[Items listed in a dataset]
▼

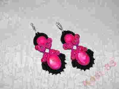 Kolczyki sutasz, soutache, fuksja -czarny, śliczne
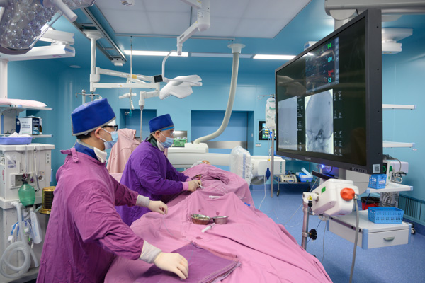 “最近,醫院復合手術室的啟用,也讓神經外科腦血管病的診治上了一個新的臺階,我們也即將開展復雜腦血管病復合手術。”吳剛說,比如說一例慢性硬膜下血腫的病人,以前只能把顱內的血引流出來,但是我們發現有部分病人會復發,在復合手術室我們就可以在將血引流出來的同時將囊壁上的血管堵塞,這樣就能減少類似病情復發的可能性,也大大縮減了手術時間,減輕了病人的痛苦。下一步我們還將在復合手術室中配備顯微鏡,就可以開展更多高難度手術。
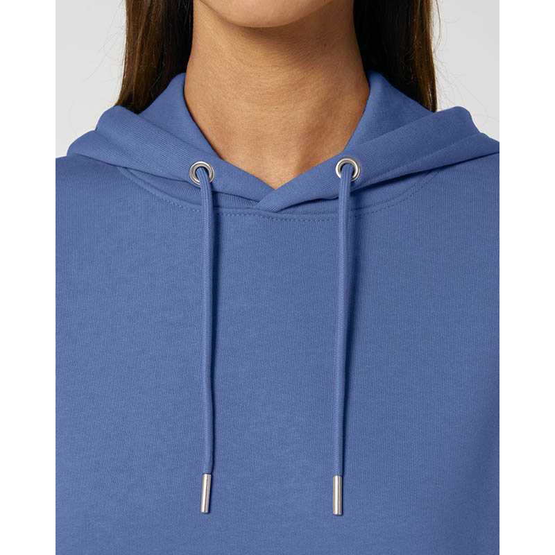 Made from in-house organic cutting waste Set-in sleeve Double layered hood in self fabric Round drawcords in matching body colour with metal tipping Metal eyelets Inside herringbone back neck tape Self fabric half moon at back neck Single needle topstitch
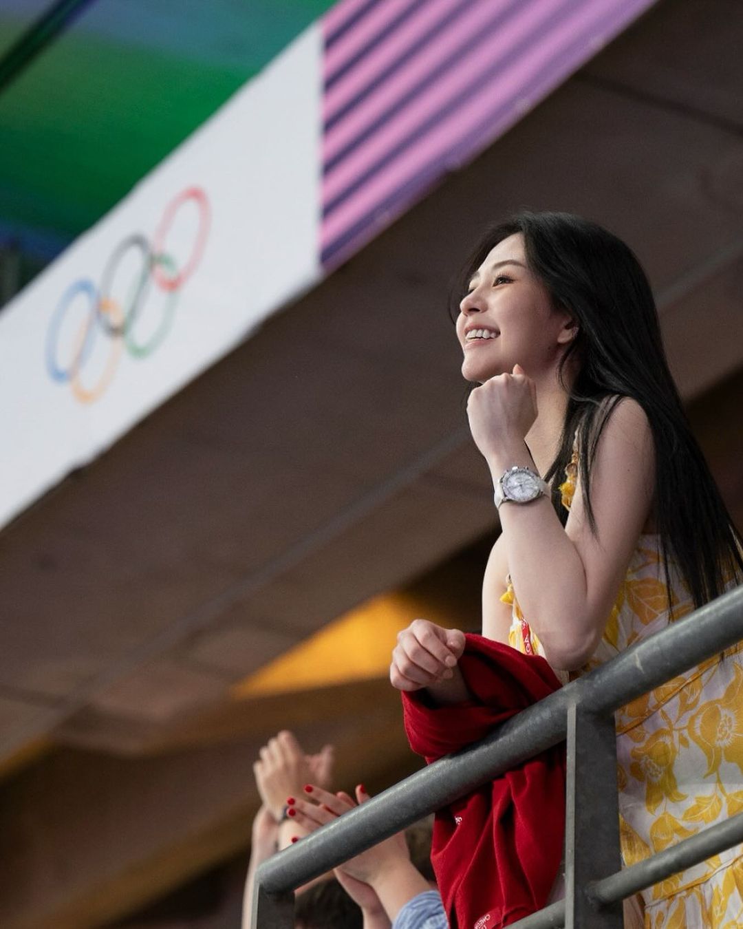 沈月先是在巴黎铁塔下观看沙滩排球比赛,随后又观看了游泳、柔道和七人榄球等比赛,并与家人和朋友们合影留念。
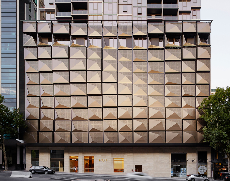 It’s no secret that everyone covets corner apartments. More light and better views, right? Well, not so with Abode318, our new Melbourne CBD residential apartment tower, where everyone gets a view: it’s democracy in action! Look closely at the wave-like 55 storey form and you will realise that each of the horizontal and vertical waves consist of individual rooms articulated as protrusions, creating the effect of a set of drawers pulled out at random.
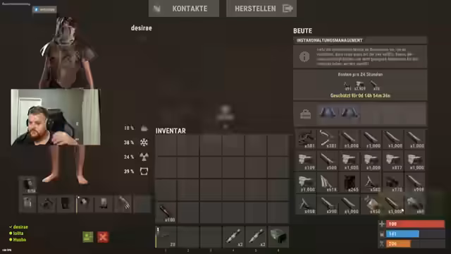 05:07:38Nachdem der Streamer neu ausgestattet ist, kehrt er mit seinem Team in das Spiel zurück und erkundet eine verlassene Basis. Sie finden dort viel Holz, Stein, Metall und Waffen, was ihnen ermöglicht, sofort wieder eine neue, stabile Basis zu errichten. Sie planen, die Basis auszubauen und einen Shop einzurichten. Der Streamer ist erleichtert und motiviert, wieder im Spiel zu sein, obwohl sie zuvor fast alles verloren hatten.
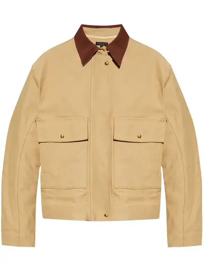 sand beige front press-stud and zip fastening two front flap pockets contrasting collar straight hem
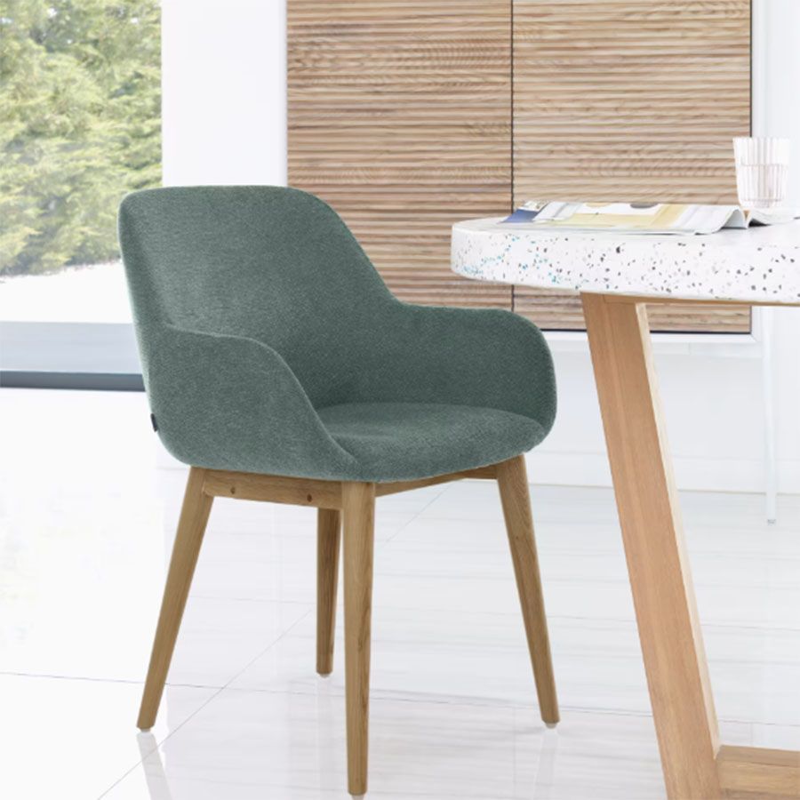 Su forma envolvente con reposabrazos integrados ofrece una sentada cómoda y estable, pensada para disfrutar de sobremesas largas o un uso diario prolongado.

▲

* [EXERCISE OBJECTIVE]: All of the lines above should be copied exactly, apart from the pictures.

* [OUTPUT]:
 Kolczyki sutasz, soutache, fuksja -czarny, śliczne
 “最近,醫院復合手術室的啟用,也讓神經外科腦血管病的診治上了一個新的臺階,我們也即將開展復雜腦血管病復合手術。”吳剛說,比如說一例慢性硬膜下血腫的病人,以前只能把顱內的血引流出來,但是我們發現有部分病人會復發,在復合手術室我們就可以在將血引流出來的同時將囊壁上的血管堵塞,這樣就能減少類似病情復發的可能性,也大大縮減了手術時間,減輕了病人的痛苦。下一步我們還將在復合手術室中配備顯微鏡,就可以開展更多高難度手術。
 Made from in-house organic cutting waste Set-in sleeve Double layered hood in self fabric Round drawcords in matching body colour with metal tipping Metal eyelets Inside herringbone back neck tape Self fabric half moon at back neck Single needle topstitch
 沈月先是在巴黎铁塔下观看沙滩排球比赛,随后又观看了游泳、柔道和七人榄球等比赛,并与家人和朋友们合影留念。
 It’s no secret that everyone covets corner apartments. More light and better views, right? Well, not so with Abode318, our new Melbourne CBD residential apartment tower, where everyone gets a view: it’s democracy in action! Look closely at the wave-like 55 storey form and you will realise that each of the horizontal and vertical waves consist of individual rooms articulated as protrusions, creating the effect of a set of drawers pulled out at random.
 05:07:38Nachdem der Streamer neu ausgestattet ist, kehrt er mit seinem Team in das Spiel zurück und erkundet eine verlassene Basis. Sie finden dort viel Holz, Stein, Metall und Waffen, was ihnen ermöglicht, sofort wieder eine neue, stabile Basis zu errichten. Sie planen, die Basis auszubauen und einen Shop einzurichten. Der Streamer ist erleichtert und motiviert, wieder im Spiel zu sein, obwohl sie zuvor fast alles verloren hatten.
 sand beige front press-stud and zip fastening two front flap pockets contrasting collar straight hem
 Su forma envolvente con reposabrazos integrados ofrece una sentada cómoda y estable, pensada para disfrutar de sobremesas largas o un uso diario prolongado.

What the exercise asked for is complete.